The problem:
Apart from the pictures, every entry must be retyped exactly.

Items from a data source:
§

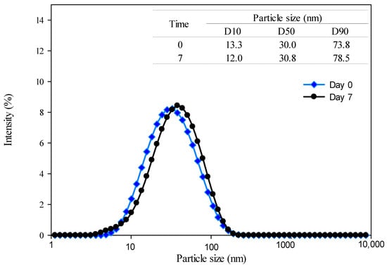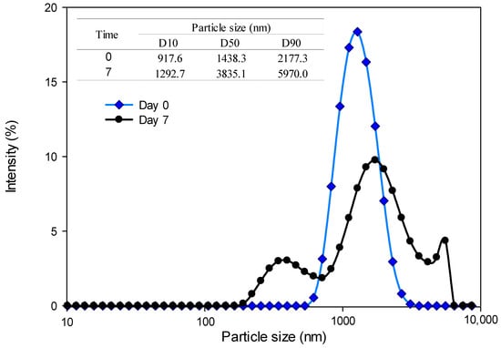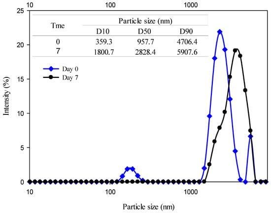 Particle-size distribution for the emulsion without treatment at Day 0 and Day 7 of storage.
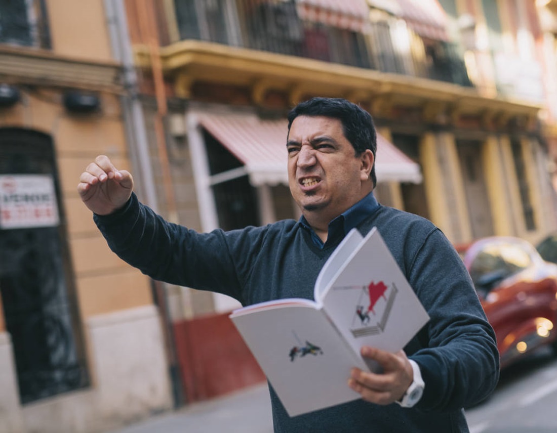 A les 11:30 hores, la companyia de teatre de carrer Visitants interpretarà Pluja de paraules en un recorregut per carrerons i llocs emblemàtics del Cabanyal. En acabar, ja al hall del teatre, l’artista performatiu Vicente Arlandis posarà a prova els límits de la relació del cos amb el seu voltant. Límits naturals, com la gravetat, però també artificials, com ara el sistema judicial. Una narració lingüística, poètica i visual donen forma a El esfuerzo constante de ganarse la vida, una curiosa proposta del creador valencià. Tot seguit, el poeta escènic Jesús Ge pendrà el relleu amb Yo no he dicho eso, una peça de polipoesia, amb bases dadaístes, sorollistes i futuristes, que juga amb la fonètica de les paraules per a crear nous significats. Una revisió de temes candents com ara la política, els drets humans o la moral.
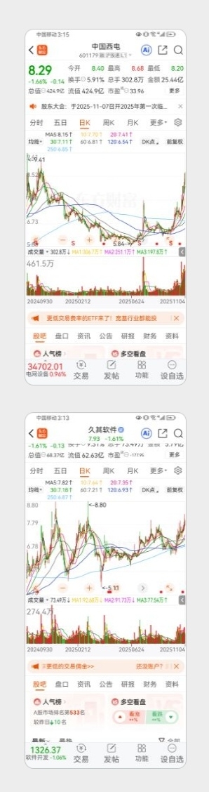为什么发两个图,就是通过两只股票走势比较,去了解主力。上面图走的干净利落,跌就干干净净的跌,洗盘横盘都清晰可见。这表明什么,主力控盘极强。看下面这图走的,稀烂。为什么,控盘力度不够,无法掌控局面,所以线条就不流畅。这说明主力资金不行,所以拉升都是快速对倒,挺不了多久就掉下来,筹码不够,时间这么长,还走出这德行,说明这个主力差钱。久其特别喜欢打板,速度都是很快,如果你当这是强势看就大错特错,他们不敢停留太久,只有快速封板,才能让不安分的资金挺住观望。很多人把快速封板理解是资金强势,其实不是的,是弱的表现。为什么要了解这些。先把资金性质搞明白,期望值才能设定搞一下。无论资金行不行,都要赚钱,所以边洗边拉,也就这样走,这每日波动是无法猜测,如果都没猜准了,地球都归他了。那自己怎么操作呢?记住一条规则,主力出货都是拉升过程出货,而不是砸盘出货。除非拉升几倍了,空间很大,可以选择砸盘出货。砸盘出货就是最差的出货方式,如果主力砸盘出货,会惊跑散户,尤其高位,散户不傻的,知道风险的,所以高位的大阳线反而是风险的警示而不是狂欢的乐园。但你想知道哪一个阳线是最后的一根,同样也无法猜测。所以高位要在阳线不断降低仓位就是你应该懂得的操作。至于跌一跌也没什么大不了,也不会退市,主力也要赚钱,牛市散户想赚钱,主力跟我们的想法一样的,怕啥。想知道主力下一刻咋想的,对不起,这是人类无法解决的问题,不要相信哪个大神告诉你他知道,我告诉你他一定是骗子。
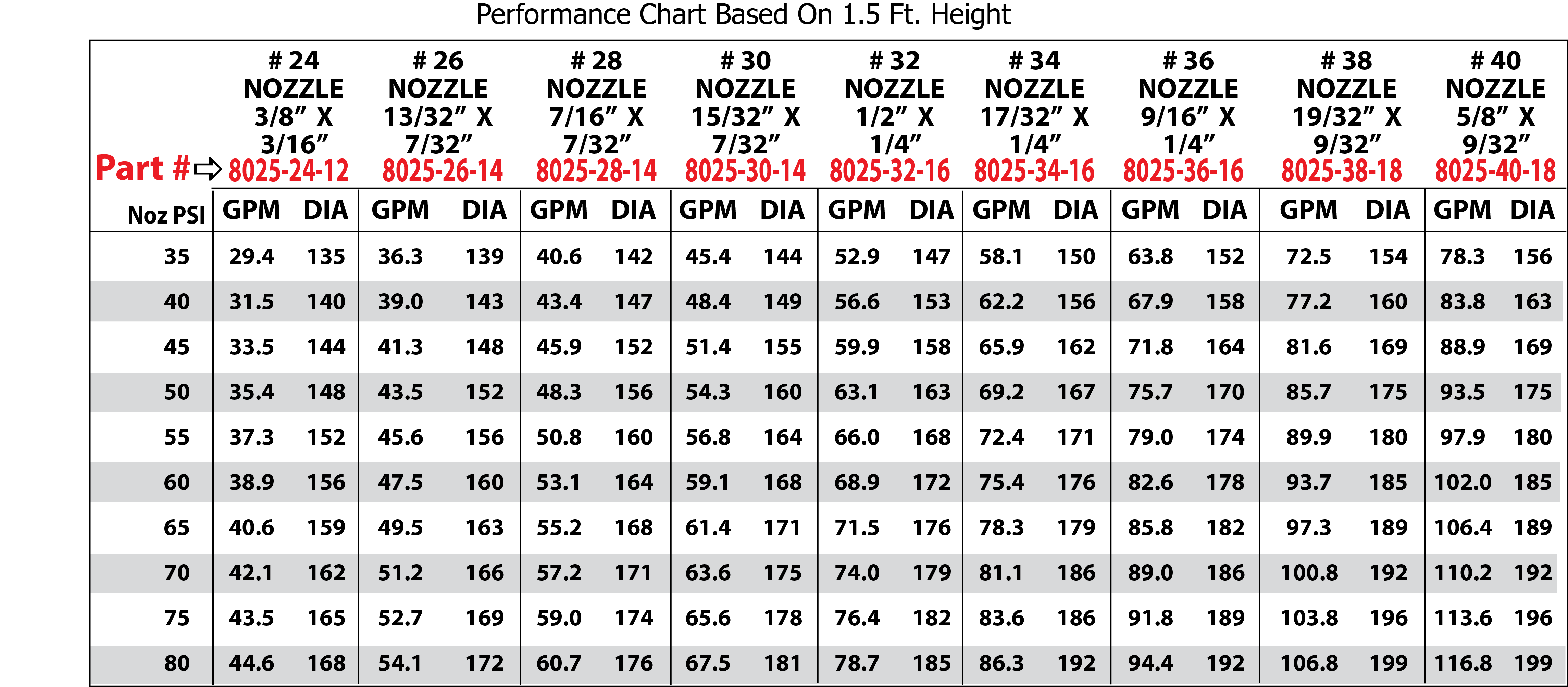 | Extra Nozzle (Specify Size) | $1.95 |
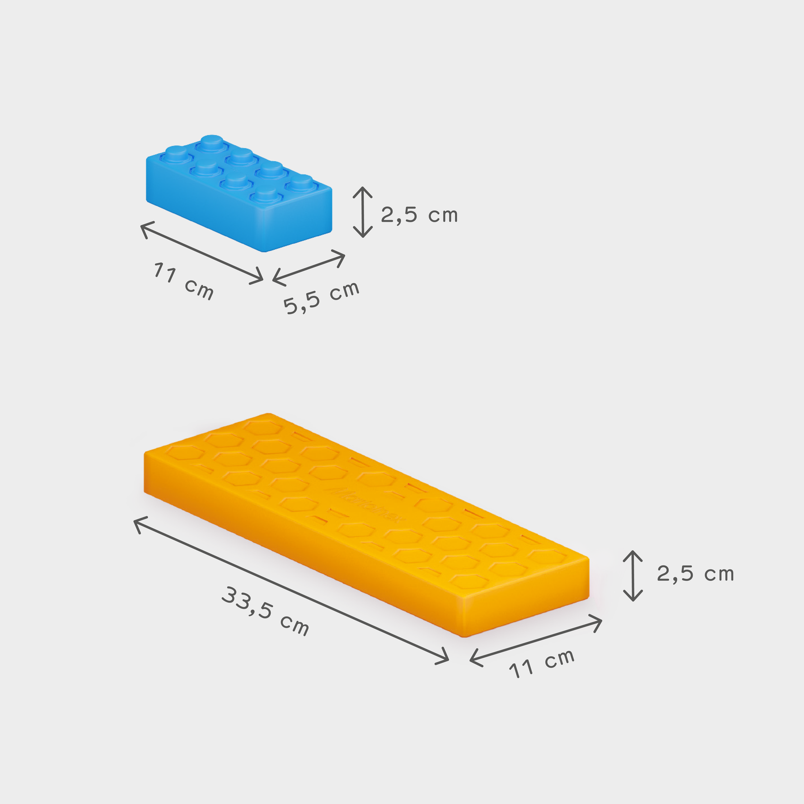 Rinkinį sudaro 28 kaladėlių: 12 didelių platformų ir 16 blokų.
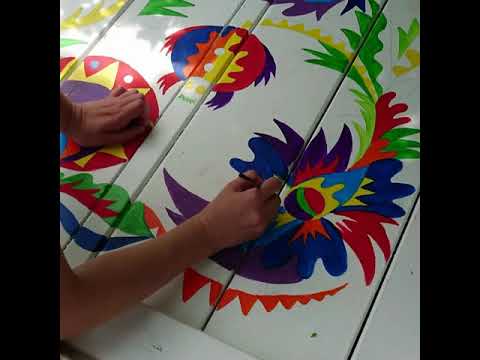 Расписываем детскую песочницу. Самчиковская роспись. Ukrainian decorati...

§

Solution to the exercise:
 Particle-size distribution for the emulsion without treatment at Day 0 and Day 7 of storage.
 A les 11:30 hores, la companyia de teatre de carrer Visitants interpretarà Pluja de paraules en un recorregut per carrerons i llocs emblemàtics del Cabanyal. En acabar, ja al hall del teatre, l’artista performatiu Vicente Arlandis posarà a prova els límits de la relació del cos amb el seu voltant. Límits naturals, com la gravetat, però també artificials, com ara el sistema judicial. Una narració lingüística, poètica i visual donen forma a El esfuerzo constante de ganarse la vida, una curiosa proposta del creador valencià. Tot seguit, el poeta escènic Jesús Ge pendrà el relleu amb Yo no he dicho eso, una peça de polipoesia, amb bases dadaístes, sorollistes i futuristes, que juga amb la fonètica de les paraules per a crear nous significats. Una revisió de temes candents com ara la política, els drets humans o la moral.
为什么发两个图,就是通过两只股票走势比较,去了解主力。上面图走的干净利落,跌就干干净净的跌,洗盘横盘都清晰可见。这表明什么,主力控盘极强。看下面这图走的,稀烂。为什么,控盘力度不够,无法掌控局面,所以线条就不流畅。这说明主力资金不行,所以拉升都是快速对倒,挺不了多久就掉下来,筹码不够,时间这么长,还走出这德行,说明这个主力差钱。久其特别喜欢打板,速度都是很快,如果你当这是强势看就大错特错,他们不敢停留太久,只有快速封板,才能让不安分的资金挺住观望。很多人把快速封板理解是资金强势,其实不是的,是弱的表现。为什么要了解这些。先把资金性质搞明白,期望值才能设定搞一下。无论资金行不行,都要赚钱,所以边洗边拉,也就这样走,这每日波动是无法猜测,如果都没猜准了,地球都归他了。那自己怎么操作呢?记住一条规则,主力出货都是拉升过程出货,而不是砸盘出货。除非拉升几倍了,空间很大,可以选择砸盘出货。砸盘出货就是最差的出货方式,如果主力砸盘出货,会惊跑散户,尤其高位,散户不傻的,知道风险的,所以高位的大阳线反而是风险的警示而不是狂欢的乐园。但你想知道哪一个阳线是最后的一根,同样也无法猜测。所以高位要在阳线不断降低仓位就是你应该懂得的操作。至于跌一跌也没什么大不了,也不会退市,主力也要赚钱,牛市散户想赚钱,主力跟我们的想法一样的,怕啥。想知道主力下一刻咋想的,对不起,这是人类无法解决的问题,不要相信哪个大神告诉你他知道,我告诉你他一定是骗子。
 | Extra Nozzle (Specify Size) | $1.95 |
 Rinkinį sudaro 28 kaladėlių: 12 didelių platformų ir 16 blokų.
 Расписываем детскую песочницу. Самчиковская роспись. Ukrainian decorati...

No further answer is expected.